The missing knife made his situation even more desperate than he had supposed it was. With a knife he might have fashioned a bow such as he had once seen Glen Drake use for lighting a fire; as it was, he should have to keep warm as best he could.
The first thing he did was to choose a convenient hollow that was protected at the back by the hill and on the sides by birches and the willows. Then, breaking off a quantity of branches, he fashioned a rude but effective windbreak for the front. By the time he had finished doing that work it was twilight, and a cool wind was blowing across the pond.
Don opened the package of food that the good lady at the farmhouse had given him. There were bread and cheese and three small ginger cakes; and when he had eaten half the food and put the rest by till morning he felt a good deal better. Pulling his coat up round his neck, he snuggled down on the light branches with which he had carpeted the floor of his bower and prepared to wait for morning.
All light had faded from the sky, and the wind was rising steadily. Loose twigs all round him tapped incessantly against one another in tune with the wind. Don shivered and forgot the dull pain in his ankle.
Out in the pond and down close to the shore on both sides of the cove he could hear strange little splashes, and in the thickets behind him a pair of owls were calling every now and then. If it had not been for thoughts of Aunt Martha, Don might really have enjoyed his experience. He did not doubt that he should be able to walk in the morning, and he rather liked being out alone as Glen Drake had been many, many times.

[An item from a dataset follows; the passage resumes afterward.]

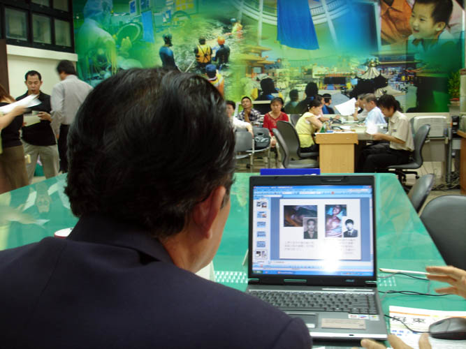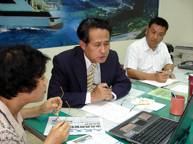 简报中,展示被劳教所迫害的伤痕累累的法轮功学员遗体及关押六千法轮功学员活体摘除器官牟利并私设焚尸炉的苏家屯集中营,曹县长与身旁的秘书都非常专注、表情严肃的观看。曹县长表示,他曾参与声援法轮功学员的绝食抗暴活动,现在法轮功学员为了营救受中共迫害的大陆功友,他乐意再次声援紧急营救。

Once he dozed off and awoke some time later, feeling cold and hungry. The twigs were tapping all about him; somewhere far to the south a hound was baying mournfully; and in front of him the moon had covered the pond with a silvery sheen.
Again Don dozed off, and then awoke with a violent start. Somebody—or something—was moving about in the underbrush on the slope above him. Then a stone rattled down and bounded into the water. Startled at the loud splash it made, Don gave an involuntary exclamation. An instant later he heard someone call his name.
“O Don!” the call was repeated.
Don sat up. “Who is it?” he shouted in reply.
“Yer safe and sound? Praise be for that!”